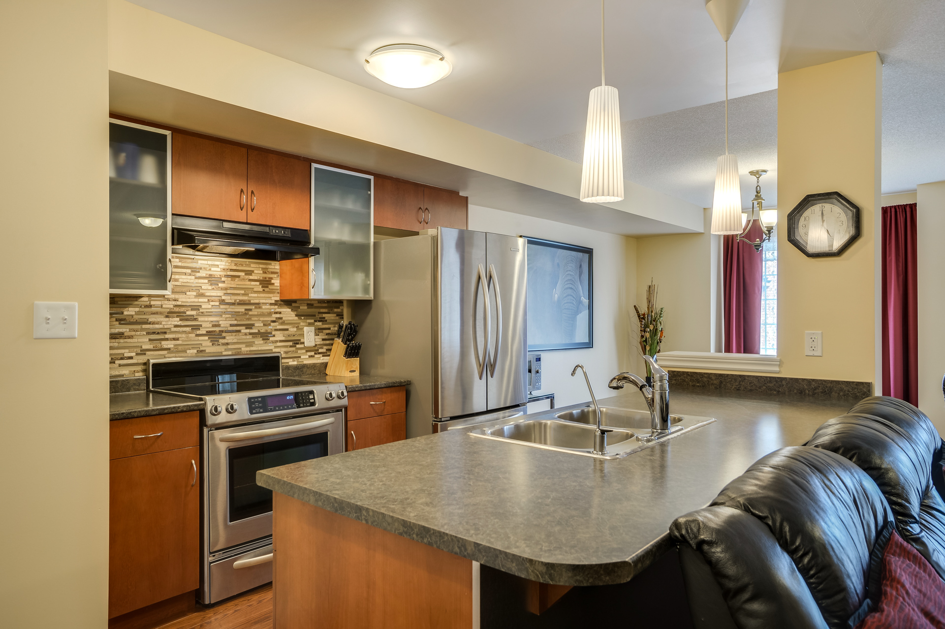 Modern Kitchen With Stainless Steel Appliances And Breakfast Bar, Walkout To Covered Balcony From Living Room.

------

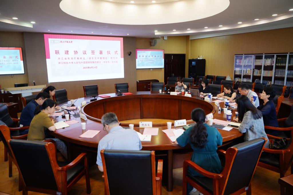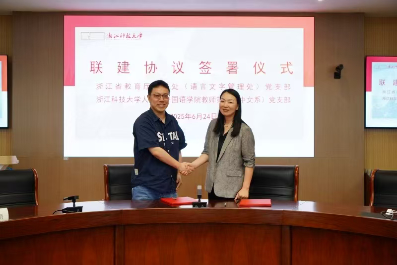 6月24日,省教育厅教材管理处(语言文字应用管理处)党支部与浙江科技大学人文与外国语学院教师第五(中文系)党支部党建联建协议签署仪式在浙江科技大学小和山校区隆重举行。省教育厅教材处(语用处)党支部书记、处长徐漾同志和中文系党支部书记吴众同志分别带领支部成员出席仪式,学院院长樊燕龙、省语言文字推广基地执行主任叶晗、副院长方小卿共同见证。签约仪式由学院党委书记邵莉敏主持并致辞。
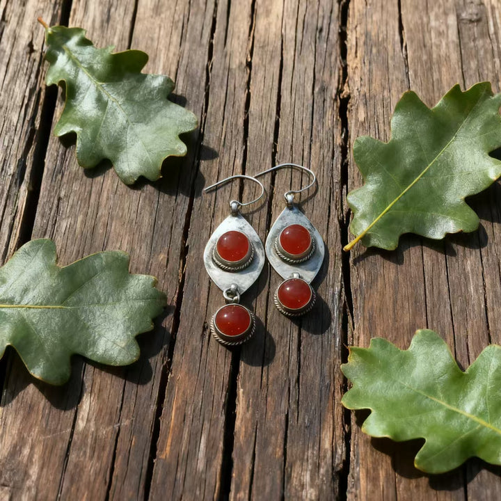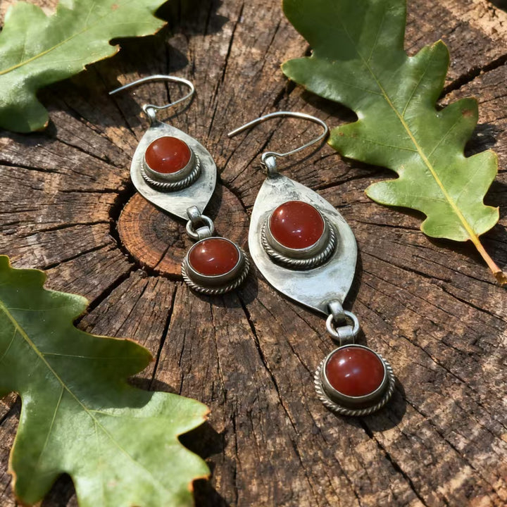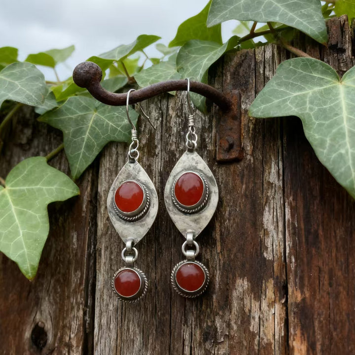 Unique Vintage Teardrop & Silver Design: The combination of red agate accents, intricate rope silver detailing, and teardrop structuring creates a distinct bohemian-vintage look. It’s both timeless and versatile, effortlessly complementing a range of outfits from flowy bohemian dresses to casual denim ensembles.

------

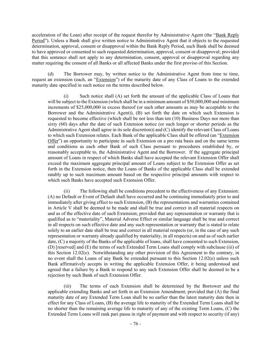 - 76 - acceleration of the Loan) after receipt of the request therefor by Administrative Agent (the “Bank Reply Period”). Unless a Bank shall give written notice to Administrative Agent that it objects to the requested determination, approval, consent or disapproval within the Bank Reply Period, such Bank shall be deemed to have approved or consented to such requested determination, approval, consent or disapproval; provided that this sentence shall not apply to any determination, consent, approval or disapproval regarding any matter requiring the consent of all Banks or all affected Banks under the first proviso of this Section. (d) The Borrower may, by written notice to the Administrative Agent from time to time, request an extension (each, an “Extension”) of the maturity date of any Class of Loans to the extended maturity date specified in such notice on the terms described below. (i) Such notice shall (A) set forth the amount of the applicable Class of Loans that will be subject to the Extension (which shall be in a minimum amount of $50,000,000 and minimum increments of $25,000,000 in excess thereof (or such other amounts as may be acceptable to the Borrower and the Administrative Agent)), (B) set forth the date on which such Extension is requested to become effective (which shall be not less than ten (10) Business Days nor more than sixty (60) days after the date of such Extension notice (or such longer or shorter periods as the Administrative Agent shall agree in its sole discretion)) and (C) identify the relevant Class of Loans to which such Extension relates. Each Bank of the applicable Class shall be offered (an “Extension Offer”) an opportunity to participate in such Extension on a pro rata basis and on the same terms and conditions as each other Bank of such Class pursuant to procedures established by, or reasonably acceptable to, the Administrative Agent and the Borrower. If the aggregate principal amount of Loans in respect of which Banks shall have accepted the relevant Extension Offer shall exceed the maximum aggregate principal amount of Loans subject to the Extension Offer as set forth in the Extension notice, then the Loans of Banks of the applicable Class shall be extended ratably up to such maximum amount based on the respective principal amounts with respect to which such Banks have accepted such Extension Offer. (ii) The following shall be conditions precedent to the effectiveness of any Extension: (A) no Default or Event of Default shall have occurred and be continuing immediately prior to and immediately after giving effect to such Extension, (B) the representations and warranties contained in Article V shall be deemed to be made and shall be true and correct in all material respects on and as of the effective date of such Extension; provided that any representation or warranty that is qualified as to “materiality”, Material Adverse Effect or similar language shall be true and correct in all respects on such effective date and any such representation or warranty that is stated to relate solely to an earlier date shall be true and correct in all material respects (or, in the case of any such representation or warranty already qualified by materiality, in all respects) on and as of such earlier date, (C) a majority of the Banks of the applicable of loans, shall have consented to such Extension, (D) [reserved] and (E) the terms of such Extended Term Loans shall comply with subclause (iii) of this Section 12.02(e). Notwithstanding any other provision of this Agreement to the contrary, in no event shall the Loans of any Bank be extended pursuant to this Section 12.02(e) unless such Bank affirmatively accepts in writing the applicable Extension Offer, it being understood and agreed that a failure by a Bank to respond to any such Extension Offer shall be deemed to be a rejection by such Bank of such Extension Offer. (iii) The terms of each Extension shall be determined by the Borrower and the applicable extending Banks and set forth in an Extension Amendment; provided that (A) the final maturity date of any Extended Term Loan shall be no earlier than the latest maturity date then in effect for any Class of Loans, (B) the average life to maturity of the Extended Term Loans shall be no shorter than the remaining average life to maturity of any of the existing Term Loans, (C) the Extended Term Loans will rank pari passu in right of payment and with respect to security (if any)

------

* **What to do**
Print everything from the line with "6月24日,省教育厅教材管理" down to the line with "Unique Vintage Teardrop" in the entries above, both lines included and nothing more, without the pictures.

* **Output of the exercise**
 6月24日,省教育厅教材管理处(语言文字应用管理处)党支部与浙江科技大学人文与外国语学院教师第五(中文系)党支部党建联建协议签署仪式在浙江科技大学小和山校区隆重举行。省教育厅教材处(语用处)党支部书记、处长徐漾同志和中文系党支部书记吴众同志分别带领支部成员出席仪式,学院院长樊燕龙、省语言文字推广基地执行主任叶晗、副院长方小卿共同见证。签约仪式由学院党委书记邵莉敏主持并致辞。
 Unique Vintage Teardrop & Silver Design: The combination of red agate accents, intricate rope silver detailing, and teardrop structuring creates a distinct bohemian-vintage look. It’s both timeless and versatile, effortlessly complementing a range of outfits from flowy bohemian dresses to casual denim ensembles.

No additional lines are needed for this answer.